Usually, you can simply select the Red Eye tool and click on the red eye to fix a photo. Sometimes, a bit more effort is required, for example, when the rest of the face has a reddish tinge, the tool has a more difficult job deciding what is a red eye and what is skin.
Simple case:
Click on Red Eye Reduction on the Tools bar
Click on the red part of an affected eye for a fix (if the eye is small, first zoom in to enlarge it).
Repeat for the other eye.
Fine tuning:
Click on the Red Eye Reduction tool. On the Magic Wand toolbox that appears there are three sliders will be displayed that control the Red Eye tool:
Threshold: the range of the pixels to be changed according to color and tonal values. The higher the threshold, the more surrounding pixels will be effected. If the standard settings for Red Eye cause color to leak outside the eye area, reduce the threshold value.

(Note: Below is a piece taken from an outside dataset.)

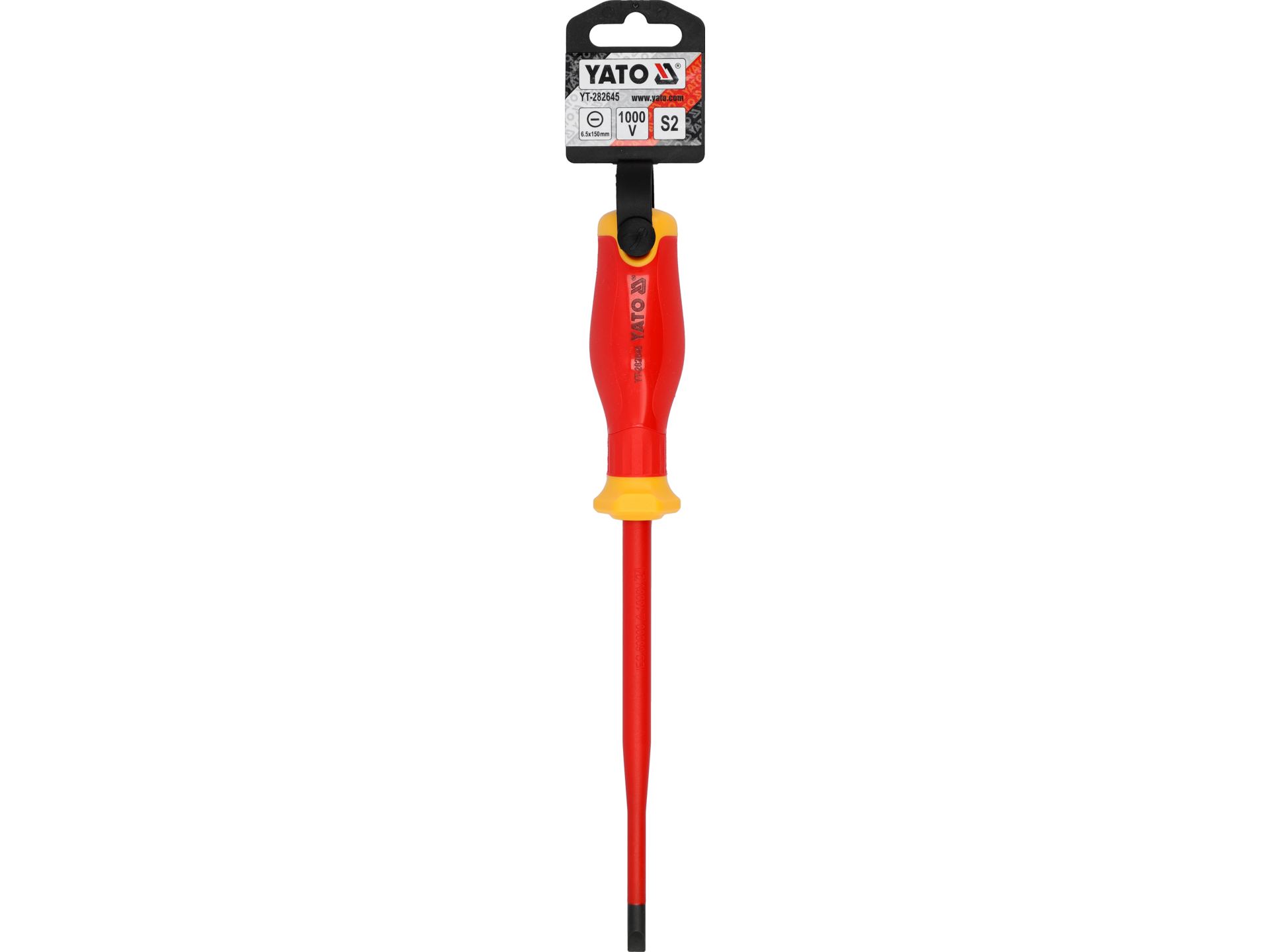 Șurubelniță izolată VDE cu vârf plat 6.5 mm, certificată pentru 1000 V, destinată lucrărilor electrice în condiții de siguranță maximă.
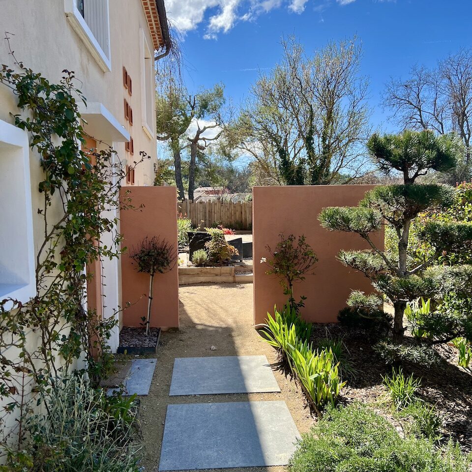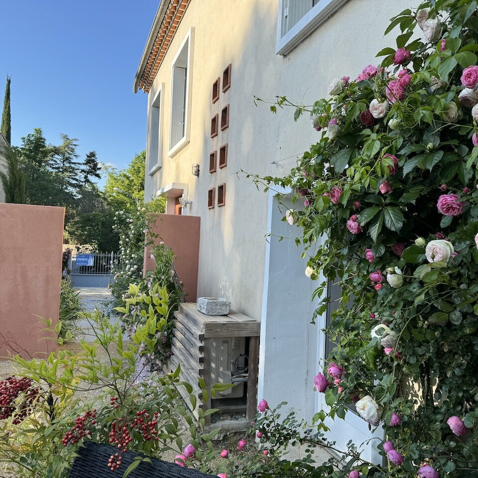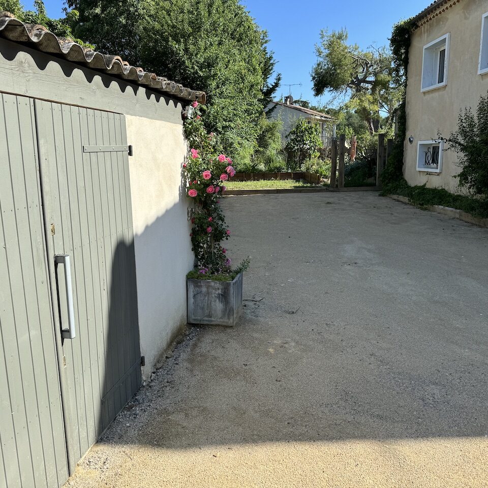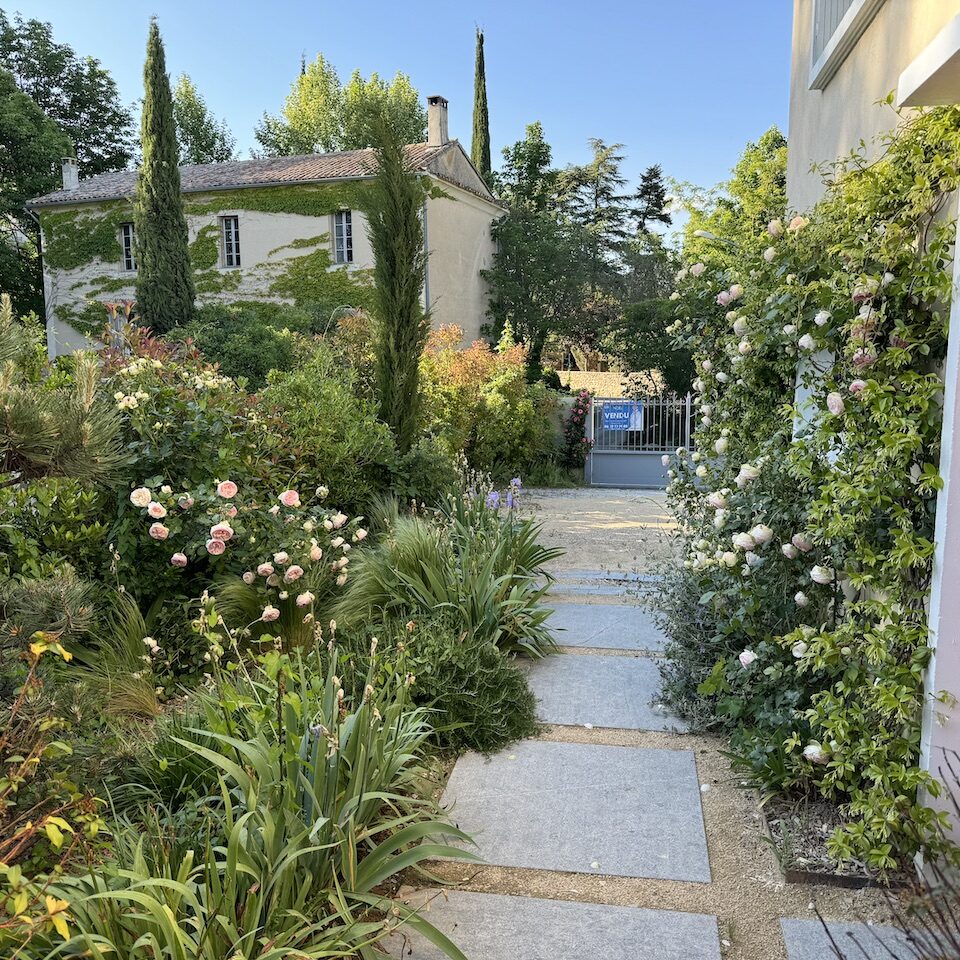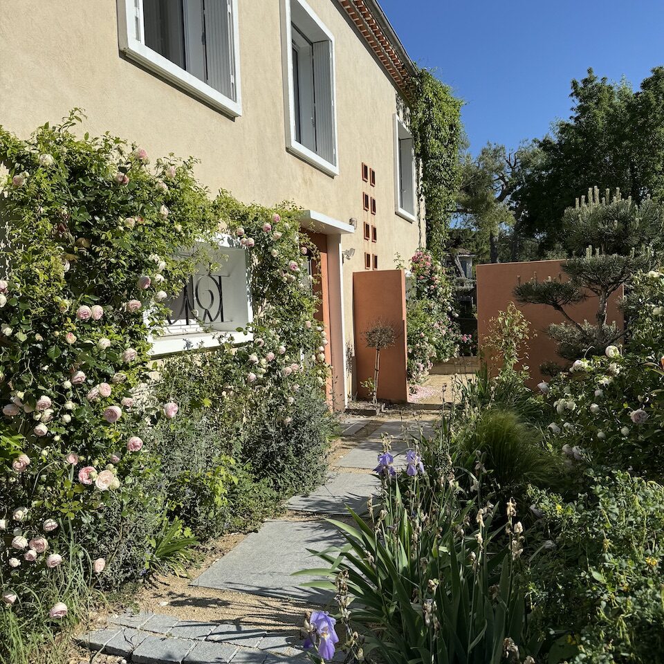 Des entrées, vers un studio indépendant, du parking vers le jardin, un cheminement très fleuri, des rosiers anciens, des massifs masquent les vues sur le voisinage.

Power: the strength of red channel reduction. All red in the selected pixels is reduced to same level as blue and green (actually, the minimum of the blue and green channels) and then Power is also subtracted. The higher the value of Power, the less red the resultant image will appear.
Red: Limits the affected pixels according to how relatively red they are. Set to a high value, less of the pixels within the selected range will be included when the tool is used. Set to a low value, most of the pixels will be affected. Technically, the tool is applied to all pixels where the red level is greater than the minimum of blue/green channels plus the Red Range value.